** WORK ITEM **
Set down the first line below and each line after it, ending with the one that holds "最终效果: 本文由 中国教程网". Pictures do not belong in the copy.

** RECORDED DATA **

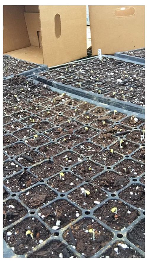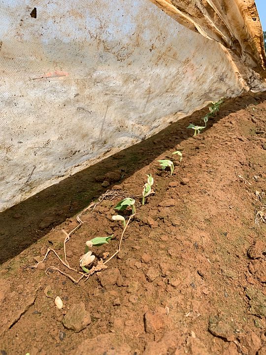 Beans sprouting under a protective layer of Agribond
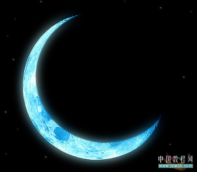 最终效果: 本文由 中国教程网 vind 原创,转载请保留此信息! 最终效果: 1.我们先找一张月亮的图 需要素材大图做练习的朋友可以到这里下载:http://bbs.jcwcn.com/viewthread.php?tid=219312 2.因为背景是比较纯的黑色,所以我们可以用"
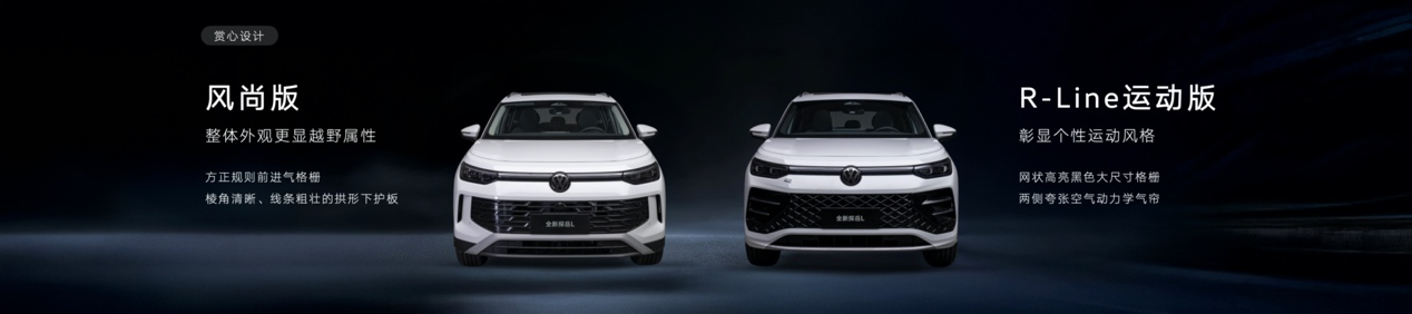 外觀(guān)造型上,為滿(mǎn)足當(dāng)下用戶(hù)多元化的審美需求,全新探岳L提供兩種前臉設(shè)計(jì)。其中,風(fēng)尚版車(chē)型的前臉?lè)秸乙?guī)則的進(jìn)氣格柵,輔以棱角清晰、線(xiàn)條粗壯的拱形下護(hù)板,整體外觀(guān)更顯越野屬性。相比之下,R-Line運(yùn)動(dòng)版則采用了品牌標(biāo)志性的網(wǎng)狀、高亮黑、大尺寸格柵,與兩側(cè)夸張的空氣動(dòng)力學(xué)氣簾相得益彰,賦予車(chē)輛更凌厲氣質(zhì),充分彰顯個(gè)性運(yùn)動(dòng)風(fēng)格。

** RESULT FOR THIS EXERCISE **
 Beans sprouting under a protective layer of Agribond
 最终效果: 本文由 中国教程网 vind 原创,转载请保留此信息! 最终效果: 1.我们先找一张月亮的图 需要素材大图做练习的朋友可以到这里下载:http://bbs.jcwcn.com/viewthread.php?tid=219312 2.因为背景是比较纯的黑色,所以我们可以用"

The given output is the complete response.